So when I see posts espousing constant availability like a 9-9-6 culture, I kinda get it. For the business, more hours ~= more work done. No, I wasn’t walking as fast in the 12th hour as I was in the 5th- but I wasn’t being negatively productive; I was still putting one foot in front of the other. And there are absolutely some businesses in hypergrowth where that extra marginal foot matters.

Investors and founders encouraging the phenomenon are also acting logically. VC investing is a long-tail market where most companies will go to zero but the ones that make it are huge. If investors can convince every employee at each of their portfolio companies to work an extra hour, they will see massive benefits. Founders are similar, but more highly concentrated into a single company. And even if their company fails, showing hustle to the right investors gives them a great chance of getting referred to a plum job.

All that to say: I get why the 9-9-6 culture has gained steam. And even from the employees’ perspective it can make sense! Early employees won’t have founder-level equity1, but they’ll have enough to be meaningful in the event of an exit. And many people find meaning and friendship at work- particularly if you just moved across the country to a west-coast city that’s thousands of miles away from everyone you’ve ever known.

But for the 99% of companies that aren’t truly in a hypergrowth phase, such a culture lowers the ceiling as much as it raises the floor. Why?

  • It discourages creativity. Most people can only do a handful of hours of creative work a day. If your business isn’t in hypergrowth (but is trying to get there), your limiter is likely more creative ideas rather than more execution time. Spending those extra hours on pure execution rather than encouraging boredom will stifle your creativity.
    • As an example, I’ve worked with some incredibly talented colleagues who never learned how to scale themselves. As they accumulated more responsibilities they just worked more hours. At a certain point they physically couldn’t work more and they couldn’t keep pace with the organization. Working fewer hours would’ve forced them to develop effective systems to delegate and check in.
  • It risks burning out the team. Even if you’re somehow ok with churning 90% of the team every few years, losing your 10% of top performers can take years to recover from. Anecdotally, these people often have stronger negative reactions to decrees to work harder since they’re already pushing all they can.
  • It stops you from sprinting when it matters. If everyone is already going all out, you don’t have that extra gear to push for the big compliance deadline or upcoming customer demo. If I had seen a bear in my 12th hour of hiking I wasn’t going to be able to run away no matter how much I wanted to.

Beyond the business case, I also just think it’s wrong at a personal level. Meeting your partner or life-long friends is often the most valuable thing you can get out of your 20s and 30s, but most people don’t meet them at work. Instead, I think for some people work can almost be a retreat to something that they know and are good at, rather than a scary arena with unknown rules. But you don’t get better at making friends or dating by avoiding it.

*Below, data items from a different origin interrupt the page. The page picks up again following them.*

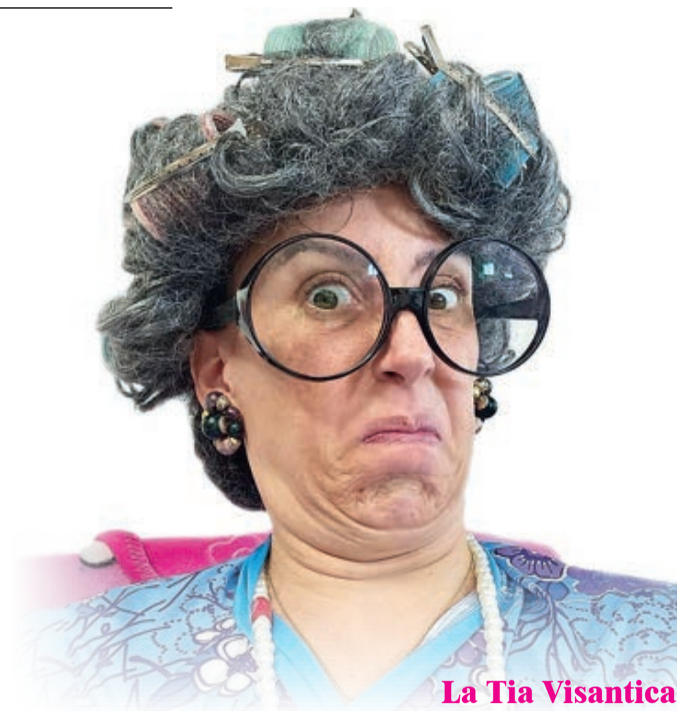
La Tia Visantica

En esta pàgina es poden veure moltes coses i entre elles. on realitzaré els següents shows. Us recomane visitar-la.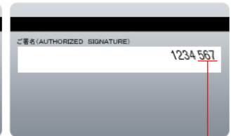
セキュリティコード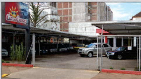
Loja Centro, 12 anos de tradição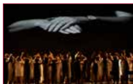
23 Bacanal, días de mostazas y kétchup – La nave senior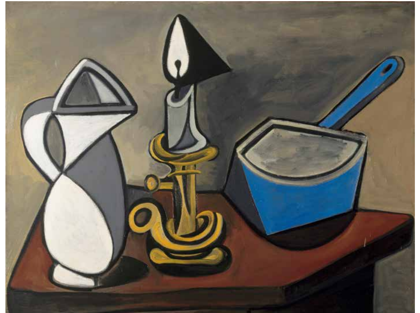
5 Pablo Picasso Kruik, kaars en emailen pan , 1945 • olieverf op doek, 82 x 106,5 cm • Centre Pompidou, Parijs

In de eeuwen voor de negentiende was de walmende pit, gedoopt in olie of was, de enige lichtbron, en daarom is het opmerkelijk dat datzelfde kaarslicht ook toen al omgeven was met een geur van mysterie. Wie zijn dierbare dode eer wilde brengen, ontstak een kaarsje; heilige of heel deftige doden kregen er veel. Zo was dat, eeuwenlang. En nog steeds, nu licht alomtegenwoordig is en duisternis schaars, is het sacrale of spirituele nergens beter door op te roepen dan door de beweeglijke, kleine kaarsvlam. Voor praktische doeleinden is die kwaliteit een nadeel, maar voor kunstenaars die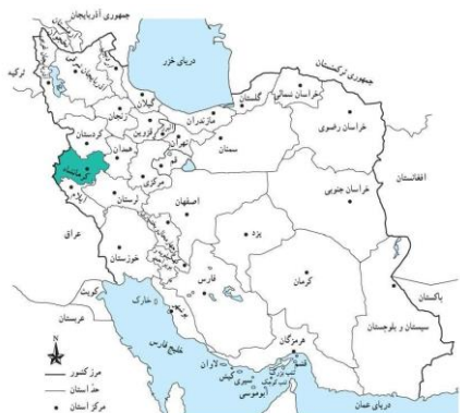
(نقشه موقعیت استان در کشور)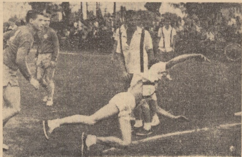
Ciolan (Știința) a depășit întreaga apărare a C.C.A., înscrinînd spectaculos. Fază din jocul C.C.A. — Știința Galați

Petrolul Teleajen — Știința București 17-16 (7-6); Tractorul Brașov — Dinamo București 15-28 (6-15).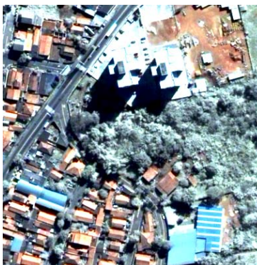
(g) Principais Componentes com 3 bandas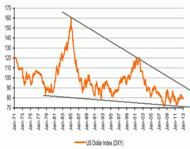
Chart 1: US Dollar Index (DXY)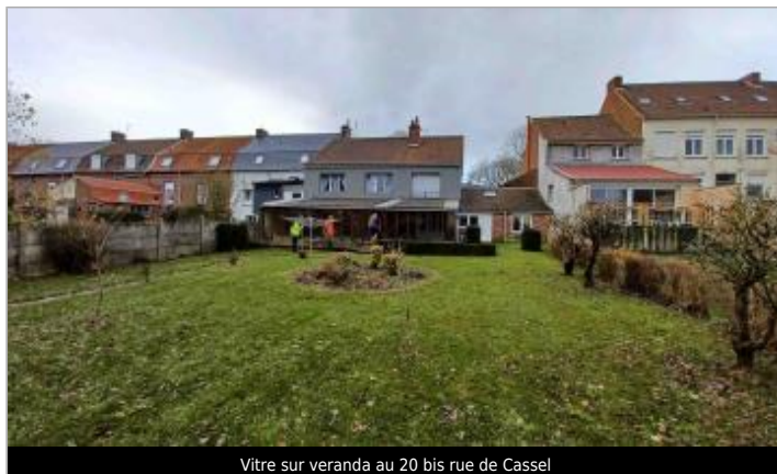
Vitre sur veranda au 20 bis rue de Cassel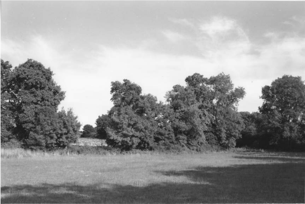
Le bocage breton dans les environs de Notre-Dame-des-Landes (Loire-Atlantique), août 2013

Ce bocage à mailles serrées a gardé sa géométrie d'origine; mais les haies (où les chênes sont dominants) n'y ont pas été taillées depuis un certain temps. Un arbre manque, et le regard trouve une échappée plus loin, au-delà de la prairie du premier plan, vers un champ déjà récolté.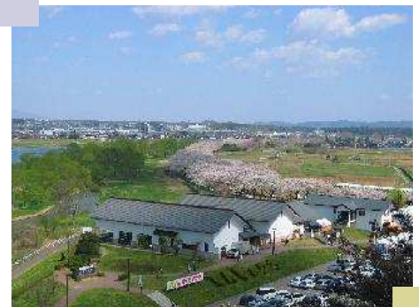
平成33年に開園100周年を迎える展勝地

* 輪中堤(わじゅうてい) = 直線的な堤防ではなく、一定の地域を取り囲むような形状の堤防。展勝地の堤防も市民プール付近の住宅地周辺に作られる。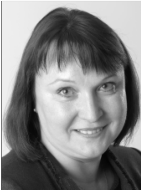
INESE LAIZĀNE, bijusī Saeimas deputāte

Atbildot uz šo jautājumu, uzreiz varu teikt, – tā ir nekorekta un diezgan nepamatota prasība. Ir dažādas izglītības formas, un nav skaidrs, kurā brīdī tad mēs uzskatām, kura līmeņa no tām ir augstākā izglītība, un kura

Rather than building a team of people who constantly work long hours, I’d rather build a team of people that deeply care. The truth is, most of these people will work longer hours than normal. But they’re intentionally choosing how and when to work, and have shaped their routines accordingly. Maybe they’re logging off to go for a run every afternoon but still thinking about work in the shower. Or maybe they’re leaving early to see their kids’ soccer practice every Monday and checking Slack when they get back. They work hard because they care about it and get value out of it, not because they’re performing to an arbitrary standard2. Those are the kind of people I want to work with.

  1. This assumes the company exits in a standard way. With some of the acqui-hire deal structures the valley is using now where payouts for early employees are not guaranteed, this starts to look downright predatory. 

  2. A common excuse is that measuring how much someone cares is much more difficult than tracking hours spent in the office, which is ~trivial. But if you’re not willing to spend time figuring out who your top performers are, you’re probably not going to make it anyways.